Rund 400 Supermärkte in Nordrhein-Westfalen sind betroffen: Rewe Dortmund hat mehrere Wurstprodukte wegen des Verdachts auf gefährliche Ehec-Bakterien zurückgerufen. In einer Probe einer Schinken-Zwiebelmettwurst wurde ein Shiga-Toxin bildender Escherichia coli-Stamm (STEC) nachgewiesen, der zu den Ehec-Bakterien zählt. Das Unternehmen warnt dringend vor dem Verzehr der betroffenen Produkte.
Betroffene Produkte im Detail
Die Rückrufaktion betrifft Artikel mit dem Verbrauchsdatum 28. April 2026. Konkret geht es um eine an der Selbstbedienungstheke erhältliche Schinken-Zwiebelmettwurst der Rewe Dortmund-Hausmarke mit 200 Gramm Gewicht. Zudem werden folgende Produkte zurückgerufen, die an der Bedienungstheke gekauft wurden: Zwiebelmettwurst 200 Gramm (verkauft seit 13. April 2026), Zwiebelmettwurst-Kugeln 90 Gramm (verkauft seit 13. April 2026) und Zwiebelmettwurst im Ring 650 Gramm (verkauft seit 13. April 2026). Nicht betroffen sind Produkte mit abweichenden Verbrauchsdaten.
Gesundheitsrisiken durch STEC
Der nachgewiesene STEC-Stamm kann schwere gesundheitliche Folgen haben, darunter blutiger Durchfall und Nierenschäden. Rewe Dortmund rät Personen, die die Wurst verzehrt haben und schwere oder anhaltende Symptome entwickeln, dringend, ärztliche Hilfe aufzusuchen. Kunden können die betroffenen Produkte in allen Rewe-Märkten in Nordrhein-Westfalen zurückgeben und erhalten den Kaufpreis erstattet – auch ohne Kassenzettel.

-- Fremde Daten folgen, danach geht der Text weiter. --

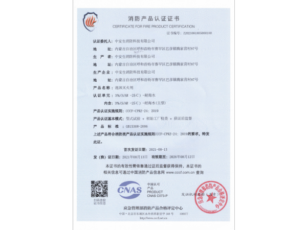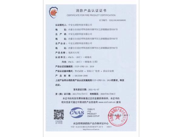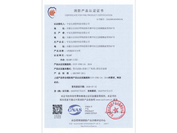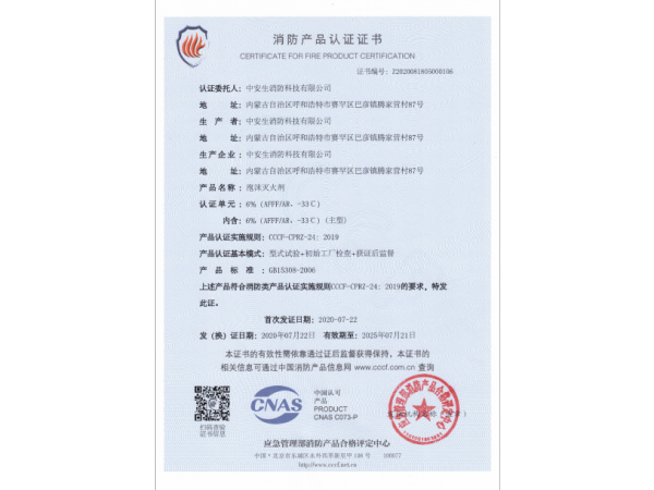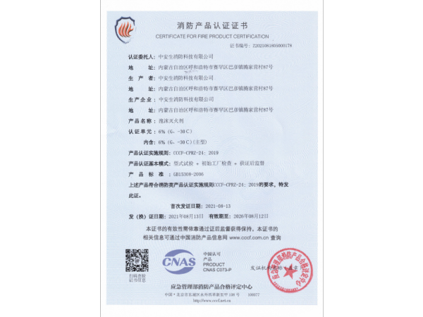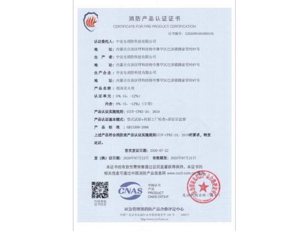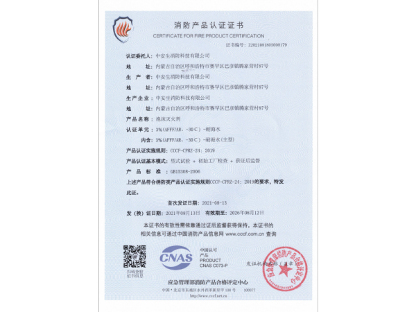消防產(chǎn)品認證證書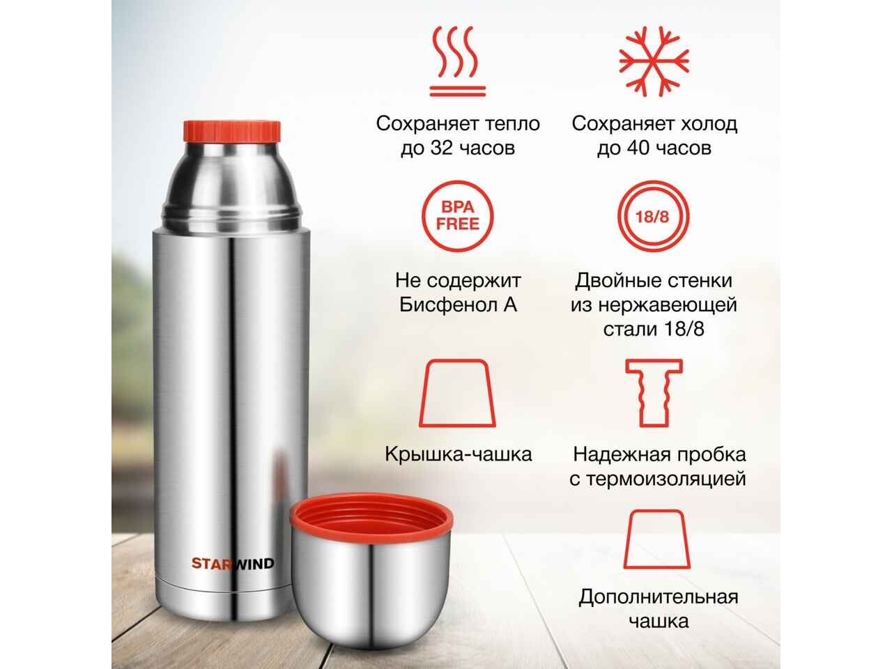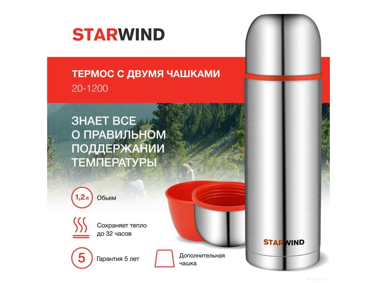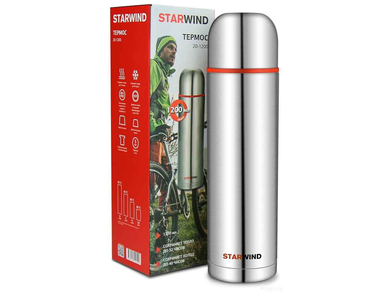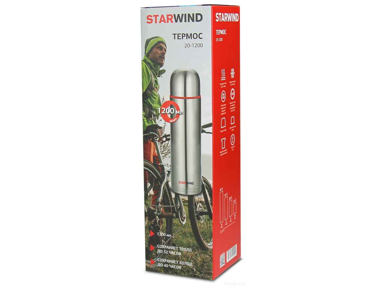 Термос StarWind 20-1200 1.2л (серебристый/красный)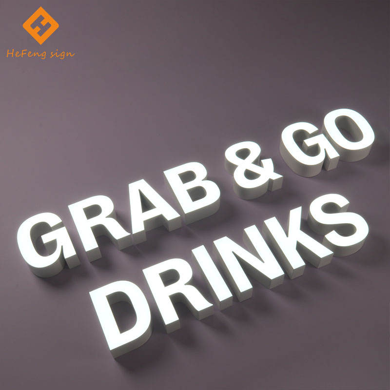 Insegna LED 3D in Acrilico Personalizzata - Segnaletica Illuminata Direttamente dalla Fabbrica per Negozi di Bevande Grab & Go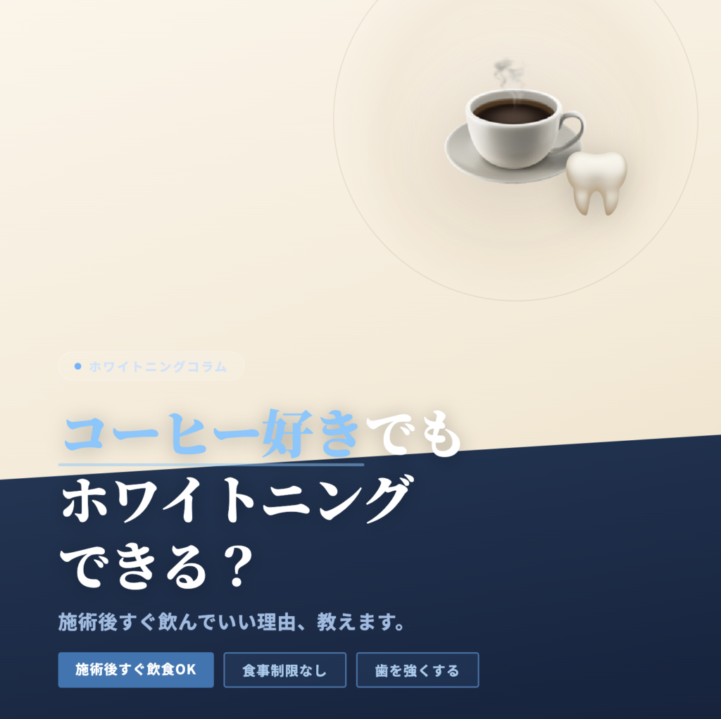 従来のホワイトニングでは施術後24〜48時間はコーヒー・赤ワイン・カレーなどを控える必要がありましたが、ボーテ式では施術後にアパタイト配合ペーストで歯の表面をコーティングするため、施術直後からコーヒーや紅茶もお楽しみいただけます。忙しい日常の中でも無理なく続けられるのが大きな魅力です。

Absatzgebiet und Hintergrund
Das Absatzgebiet von Rewe Dortmund umfasst etwa 400 Filialen in Nordrhein-Westfalen, insbesondere im Ruhrgebiet, am Niederrhein sowie im Sauer- und Münsterland. Die Wurst wurde seit Mitte April verkauft. Ehec-Bakterien wurden deutschlandweit im Frühsommer 2011 bekannt, als es zu einer großen Epidemie mit Darmentzündungen und blutigem Durchfall kam. Damals infizierten sich 3842 Menschen, 855 entwickelten das hämolytisch-urämische Syndrom (HUS), und 53 starben. Die Ursache war damals lange unklar: Zunächst standen Gurken aus Spanien im Verdacht, später wurden Sprossen von ägyptischen Bockshornkleesamen als Quelle vermutet, was jedoch angezweifelt wurde.